The same file as used for the nodes at both ends of the relationship. In this case, Import automatically maps the file and appropriate columns. It is easy for it to indentify the file columns to use in the From and To mapping, as they have already been mapped as ID properties to the nodes at each end.
A file that is used to define the node at only one end of the relationship, but also contains a column that contains the ID of the other node. In this case, you need to manually select the file and specify the From and To mapping manually. This is similar to a table in a relational database the contains a Foreign Key to link to another table, but here that key is used to link to another node rather than a table.
A completely separate file that is used solely to define the relationship. In this case, you need to select the relevant file and then map the columns in the file that correspond to the From and To node ID properties. This is similar to a link table in relational database terms.

This part is crucial to ensuring the relationships link nodes as indended. It is defined in the Node ID mapping section of the details panel.

File filtering

When mapping a file, both to nodes and relationships, you can use a toggle to filter the file. This is useful when using aggregate node lists and relationship lists as source files. Aggregate node lists contain all the nodes in the same file and they can be separated/grouped together by having the same value in a specific column. Aggregate relationship lists contain corresponding information about relationships in one file and the relationships can be grouped together in the same fashion. The file filtering allows you to select a column and an exact value to match and only the elements that match are used as a source for that element in your data model.

Node exclude list

Sometimes a source file may contain a column where multiple rows have the same string as the value, such as [empty] or null. If this column is used as node ID, and you run the import, this results in the creation of "super nodes". Every row in the mapped file that has such a value end up being connected to the same node, the "super node". To avoid this, you can specify strings that should cause Import to exclude the rows they appear in. By default, Import excludes any rows where the value of the node ID column is empty.

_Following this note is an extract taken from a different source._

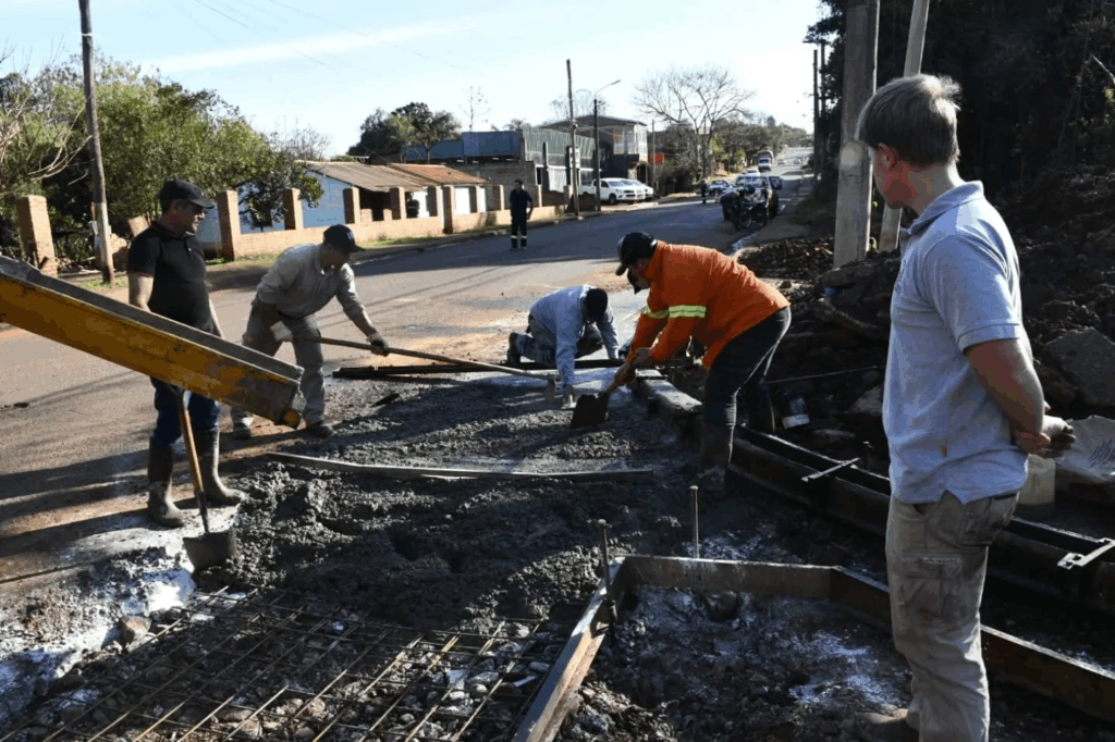 La obra de pavimentación sobre calle Polonia alcanzó este jueves su tramo final con trabajos en la intersección con calle Paraguay. El equipo de Obras Públicas intervino en el badén y el sumidero, completando los últimos detalles del proyecto que transformará la conectividad en ese sector de Eldorado.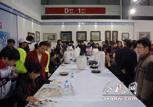 在景德鎮(zhèn)館,游客現(xiàn)場(chǎng)感受陶瓷繪畫藝術(shù)。

The node exclude list is available from the more menu (…) in the data model panel, under Settings.

Complete the mapping

If the mapping is not complete, ie. if any element in the model is missing the green checkmark, the import can’t be run. If you try, Import sends an error message and highlights which element(s) in the model is missing information and also which fields in the details panel need to be filled out.

For nodes, the following information is required:

Label - to identify the type of a node
File - the source file for the node from which the properties are derived
Properties - at least one property needs to be selected and if more than one, one needs to be selected as the node ID

For relationships:

Type - a name that describes the relationship it represents
File - the source file that contains information on which nodes are connected by the relationship
Node ID mapping - which nodes in the model are connected by the relationship; their labels, IDs and ID columns.

If the mapping is not complete, you can run a preview of the import, but it does not contain incompletely mapped elements.

Once every element in the model has a green checkmark to indicate complete mapping, the import can be run.